Tuesday / May 31

Tuesday / May 31

EU bans Russian oil - partially
European Union leaders said they had agreed on Monday to cut 90% of oil imports from Russia by the end of this year, resolving an impasse over the bloc's toughest sanction yet on Moscow since the invasion of Ukraine three months ago.
Diplomats said the agreement would clear the way for other elements of a sixth package of EU sanctions on Russia to take effect, including cutting Russia's biggest bank, Sberbank from the SWIFT messaging system.
"Agreement to ban export of Russian oil to the EU," said European Council President Charles Michel in a tweet at the end of the first day of a two-day summit of the bloc's 27 leaders.
"This immediately covers more than 2/3 of oil imports from Russia, cutting a huge source of financing for its war machine. Maximum pressure on Russia to end the war," he said.
The leaders agreed that the oil embargo would include exemptions for Hungary -- a landlocked country that relies heavily on crude piped from Russia and which had been the main holdout for a deal -- and others concerned about the economic impact of the move.
Iran nuclear activities
The UN nuclear watchdog said Monday that it estimated Iran's stockpile of enriched uranium had grown to more than 18 times the limit laid down in Tehran's 2015 deal with world powers.
The International Atomic Energy Agency said in its latest report on Iran's nuclear programme that it "estimated that, as of May 15, 2022, Iran's total enriched stockpile was 3,809.3 kilograms."
The limit in the 2015 deal was set at 300 kg (660 pounds) of a specific compound, the equivalent of 202.8 kg of uranium.

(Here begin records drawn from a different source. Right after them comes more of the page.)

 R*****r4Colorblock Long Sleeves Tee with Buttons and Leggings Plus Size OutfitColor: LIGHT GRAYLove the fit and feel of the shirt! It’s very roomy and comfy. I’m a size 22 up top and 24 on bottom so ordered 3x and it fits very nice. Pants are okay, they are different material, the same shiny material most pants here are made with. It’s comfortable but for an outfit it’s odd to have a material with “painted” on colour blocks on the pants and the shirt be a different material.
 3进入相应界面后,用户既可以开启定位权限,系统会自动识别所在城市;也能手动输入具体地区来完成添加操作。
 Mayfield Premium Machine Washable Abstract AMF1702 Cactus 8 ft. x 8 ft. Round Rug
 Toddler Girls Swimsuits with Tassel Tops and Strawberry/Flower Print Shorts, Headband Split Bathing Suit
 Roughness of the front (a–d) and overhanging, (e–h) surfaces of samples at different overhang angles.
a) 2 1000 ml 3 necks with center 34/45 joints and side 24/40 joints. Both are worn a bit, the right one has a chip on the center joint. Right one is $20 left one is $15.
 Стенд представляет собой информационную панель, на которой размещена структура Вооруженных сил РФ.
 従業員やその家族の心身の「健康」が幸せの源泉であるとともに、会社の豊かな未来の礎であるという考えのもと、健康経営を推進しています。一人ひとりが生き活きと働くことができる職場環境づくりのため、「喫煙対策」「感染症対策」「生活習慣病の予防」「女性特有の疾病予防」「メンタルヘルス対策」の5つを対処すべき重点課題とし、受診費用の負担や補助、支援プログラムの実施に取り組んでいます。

The report also says that Iran is continuing its enrichment of uranium to levels higher than the 3.67 percent limit in the deal.

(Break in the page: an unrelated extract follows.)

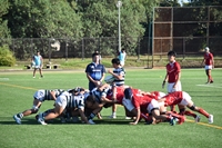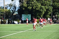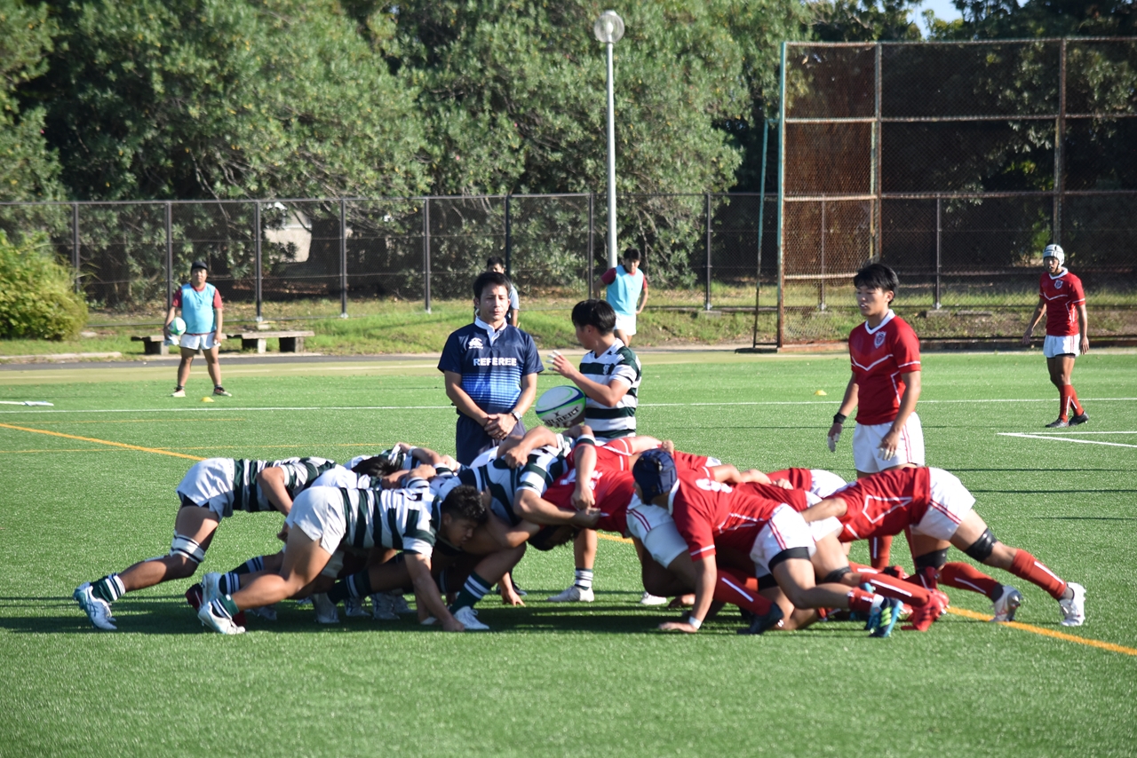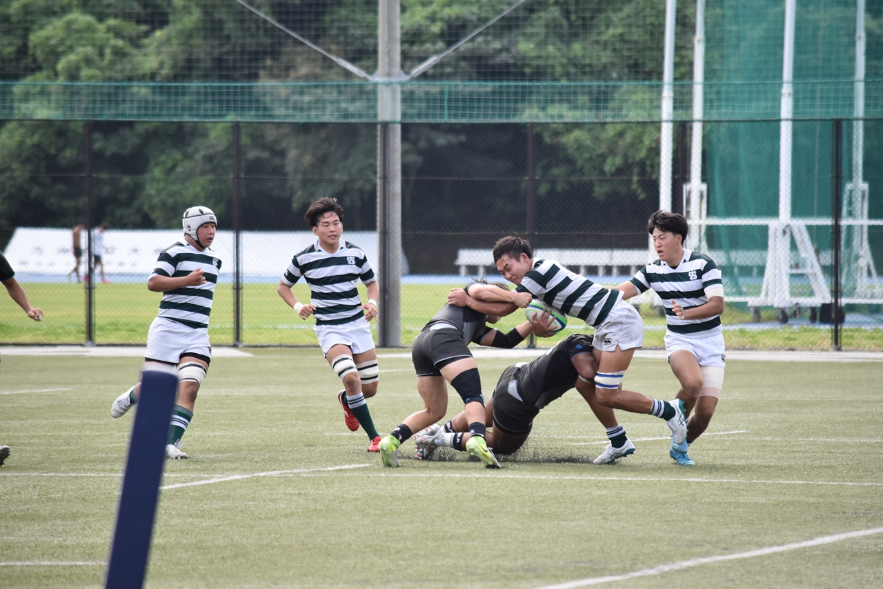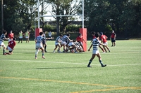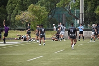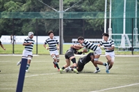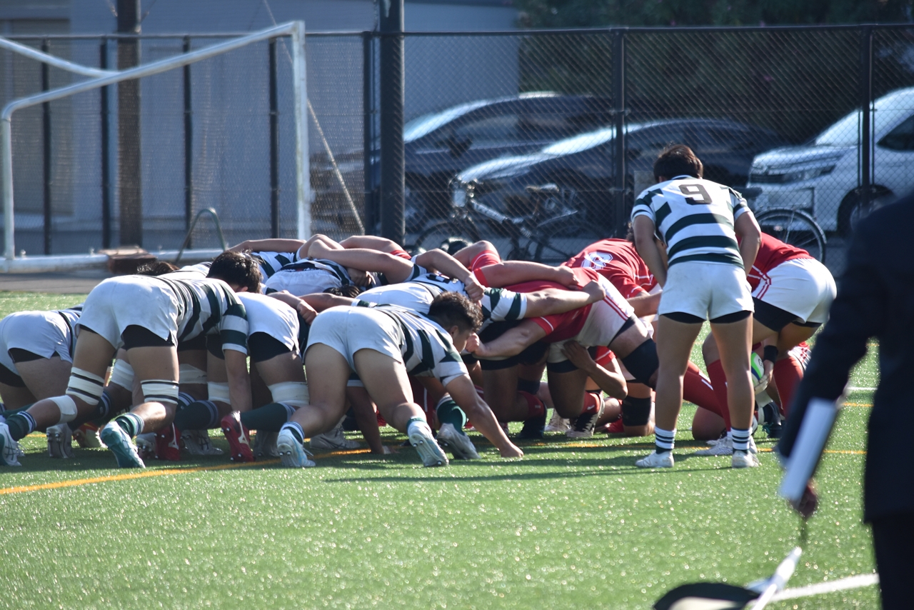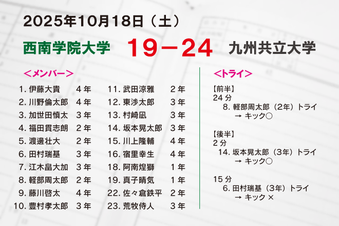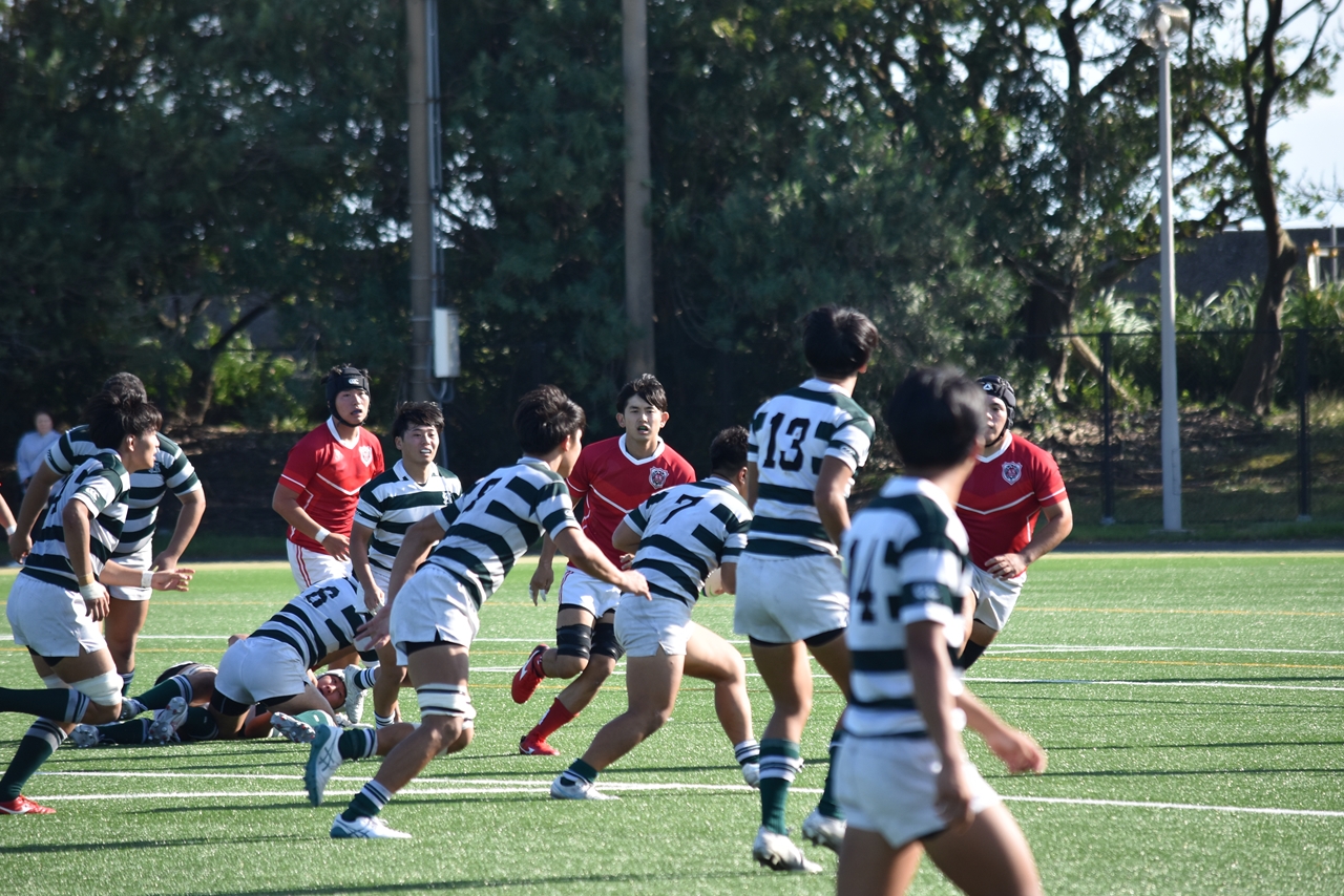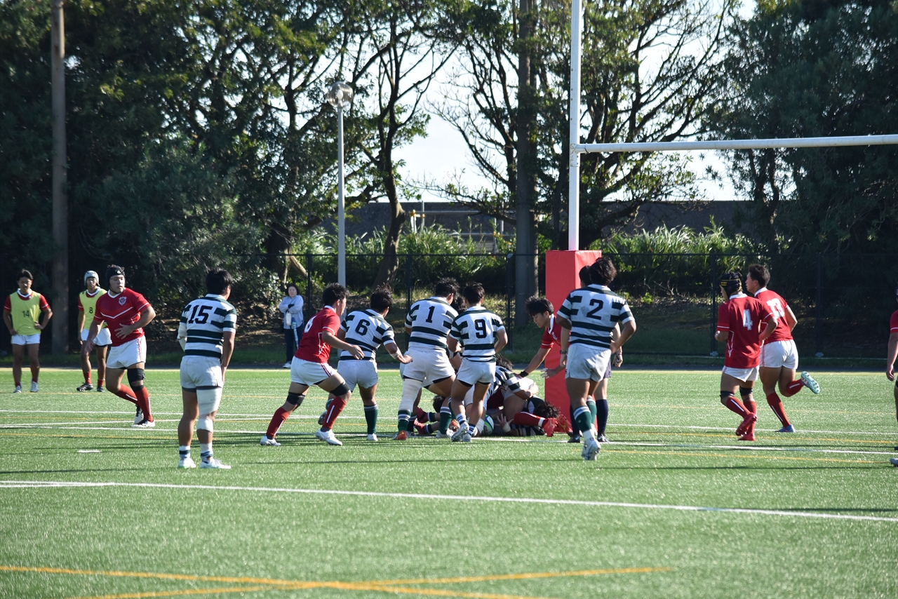 春の練習試合では大差で負けた相手であったが、試合開始間もなく相手外人センターが縦に突破し先制のトライを取られる展開、しかし西南大は相手攻撃をタックルで分断し1トライを取り返し7対17の接戦で前半を終了、後半共立大攻撃をフランカー陣の低いタックル・バックスとのダブルタックルで度々凌ぎ、FWが敵ゴール前でしつこく攻撃を繰り返し、西南大が2トライを奪い19対17で逆転に成功、川上キャプテンのキック・ランでの攻撃で陣地を取り返すものの最後は2トライを許しノーサイドとなりました。

The stockpile of uranium enriched up to 20 percent is now estimated to be 238.4 kg, up 56.3 kg since the last report in March, while the amount enriched to 60 percent stands at 43.1 kg, an increase of 9.9 kg.
Enrichment levels of around 90 percent are required for use in a nuclear weapon.
Waller on rates
Federal Reserve Governor Christopher Waller said Monday he sees interest rate increases continuing through the rest of the year as part of an effort to bring inflation under control.
Specifically, the central bank official said he would support hikes that exceed the “neutral” level considered neither supportive nor restrictive for growth.
Estimates Fed officials provided in March point to a 2.5% neutral level, so that means Waller sees rates increasing at least another 2 percentage points from here.
“Over a longer period, we will learn more about how monetary policy is affecting demand and how supply constraints are evolving,” Waller said in remarks delivered in Frankfurt, Germany. “If the data suggest that inflation is stubbornly high, I am prepared to do more.”
“In particular, I am not taking 50 basis-point hikes off the table until I see inflation coming down closer to our 2 percent target,” Waller said. “And, by the end of this year, I support having the policy rate at a level above neutral so that it is reducing demand for products and labor, bringing it more in line with supply and thus helping rein in inflation.”